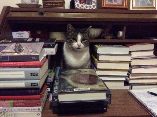 I love this poem which combines books & cats. It's Pangur Bán, a poem written by an Irish monk in the 9th century. It was discovered written on a manuscript & celebrates the life of a scholar monk & his cat, Pangur Bán. I came across this poem again recently at a website called Interesting Literature, in a post about 10 classic poems about cats. I've signed up for the regular emails from the site which highlights interesting facts about a writer or a poem. This translation of Pangur Bán is by Eavan Boland.
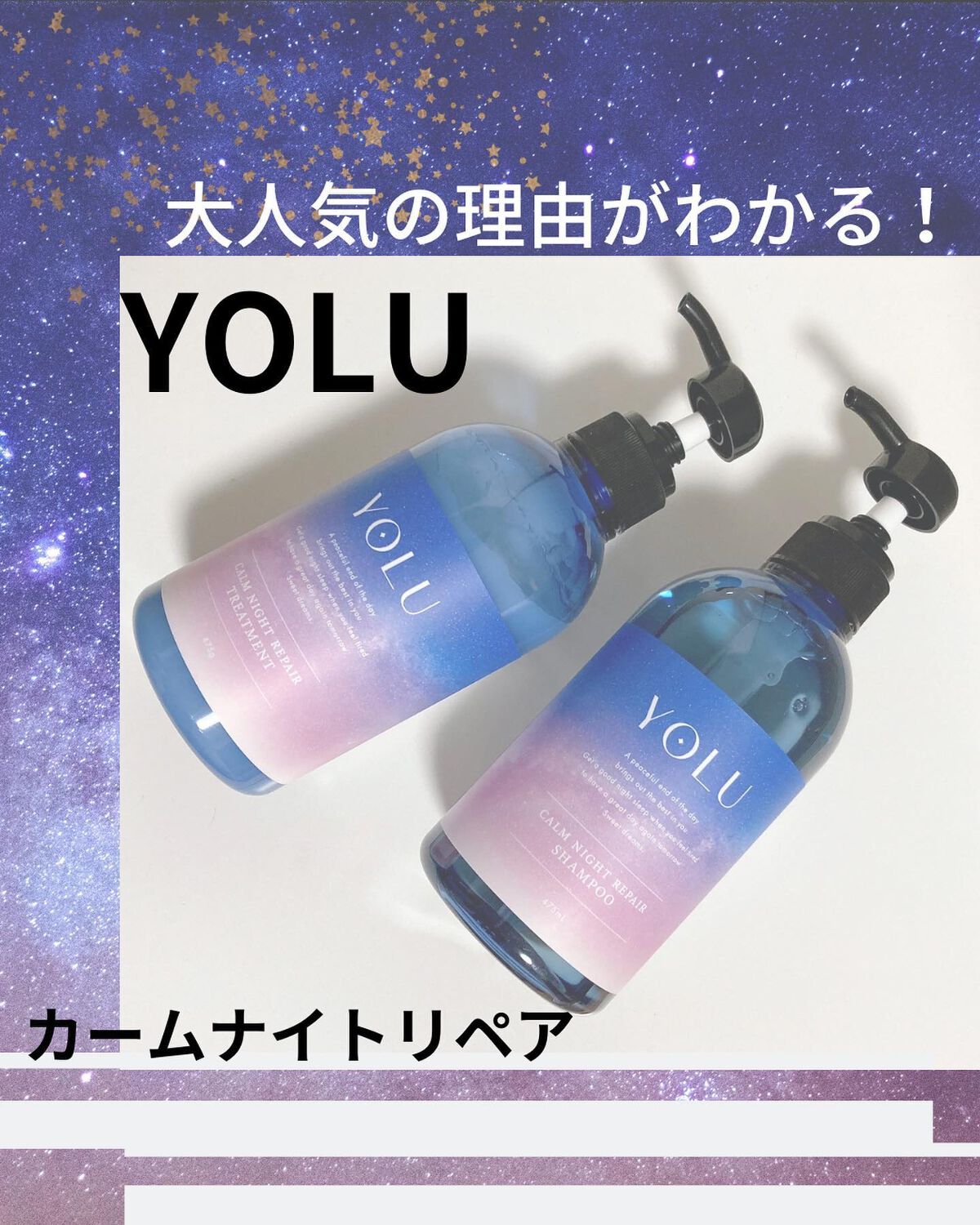 YOLUカームナイトリペアシャンプー/トリートメント@yolu_official様からいただきお試ししましたオシャレなパッケージダメージリスクは日中だけでなく、夜にも髪と地肌の濃密ナイトケアで、しっとりうるツヤ髪へナイトキャップ処方で睡眠中の...
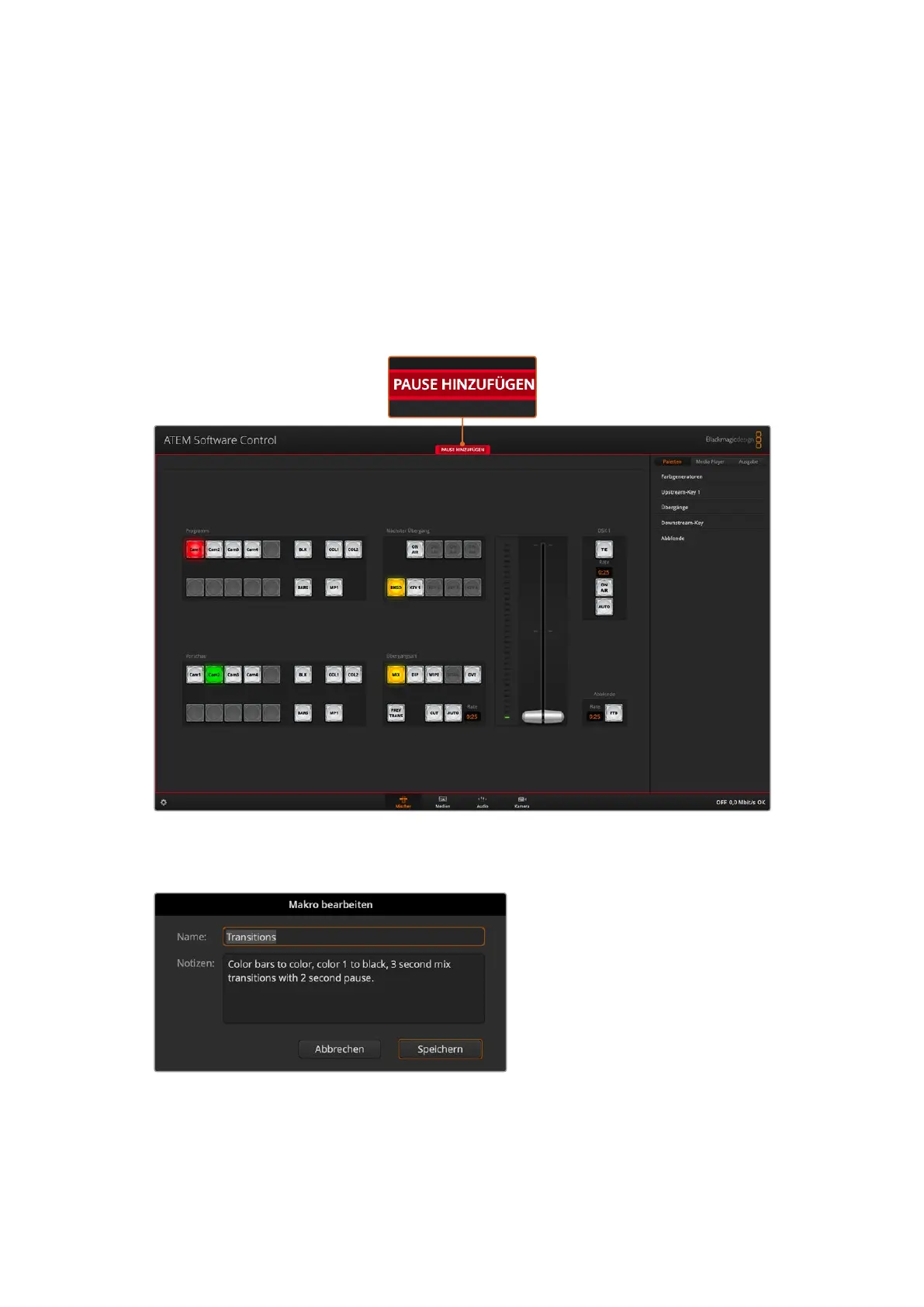 ATEM Software Control zeigt den laufenden Aufzeichnungsvorgang eines Makros anhand
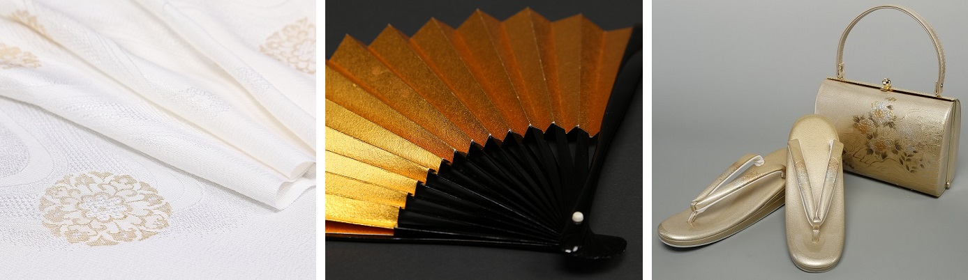 五つ紋の色留袖に合わせる帯は、錦織や唐織など金、銀、箔を配した格調の高いものを選びましょう。帯揚げ、帯締めは礼装の基本である白を選べば間違いありませんが、白地に金や銀が入っているものでも問題ありません。祝い用の扇(末広)は骨が黒塗りで地紙が金色のものがふさわしく、通常は体の左側の帯に差しておきます。バッグと草履は佐賀錦や上品なエナメルなど礼装用のセットになったもので合わせます。
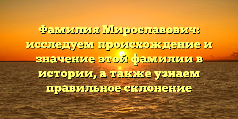 Происхождение и значение фамилии Мирославович: исследуем и учимся правильному склонению
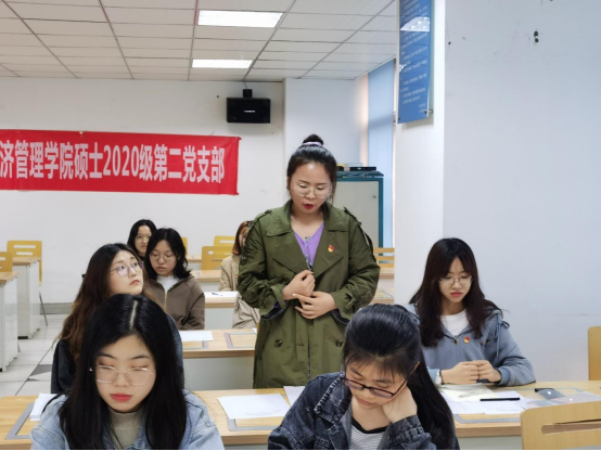 2021年3月17日下午,经济管理学院硕士2020级第二党支部在西南交通大学九里校区0号楼0302教室召开了党员大会,会议由党支部书记文静柯同志主持,会上开展了批评与自我批评,并进行了“中国之治”政治学习,最后进行了民主评议,支委会对每位党员进行政治素养诊断。
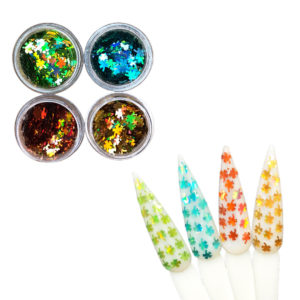 Acetato en forma de tréboles tono metálico tornasol para encapsular
########
Exclude the pictures and repeat the entries word for word.

 I love this poem which combines books & cats. It's Pangur Bán, a poem written by an Irish monk in the 9th century. It was discovered written on a manuscript & celebrates the life of a scholar monk & his cat, Pangur Bán. I came across this poem again recently at a website called Interesting Literature, in a post about 10 classic poems about cats. I've signed up for the regular emails from the site which highlights interesting facts about a writer or a poem. This translation of Pangur Bán is by Eavan Boland.
 YOLUカームナイトリペアシャンプー/トリートメント@yolu_official様からいただきお試ししましたオシャレなパッケージダメージリスクは日中だけでなく、夜にも髪と地肌の濃密ナイトケアで、しっとりうるツヤ髪へナイトキャップ処方で睡眠中の...
 ATEM Software Control zeigt den laufenden Aufzeichnungsvorgang eines Makros anhand
 五つ紋の色留袖に合わせる帯は、錦織や唐織など金、銀、箔を配した格調の高いものを選びましょう。帯揚げ、帯締めは礼装の基本である白を選べば間違いありませんが、白地に金や銀が入っているものでも問題ありません。祝い用の扇(末広)は骨が黒塗りで地紙が金色のものがふさわしく、通常は体の左側の帯に差しておきます。バッグと草履は佐賀錦や上品なエナメルなど礼装用のセットになったもので合わせます。
 Происхождение и значение фамилии Мирославович: исследуем и учимся правильному склонению
 2021年3月17日下午,经济管理学院硕士2020级第二党支部在西南交通大学九里校区0号楼0302教室召开了党员大会,会议由党支部书记文静柯同志主持,会上开展了批评与自我批评,并进行了“中国之治”政治学习,最后进行了民主评议,支委会对每位党员进行政治素养诊断。
 Acetato en forma de tréboles tono metálico tornasol para encapsular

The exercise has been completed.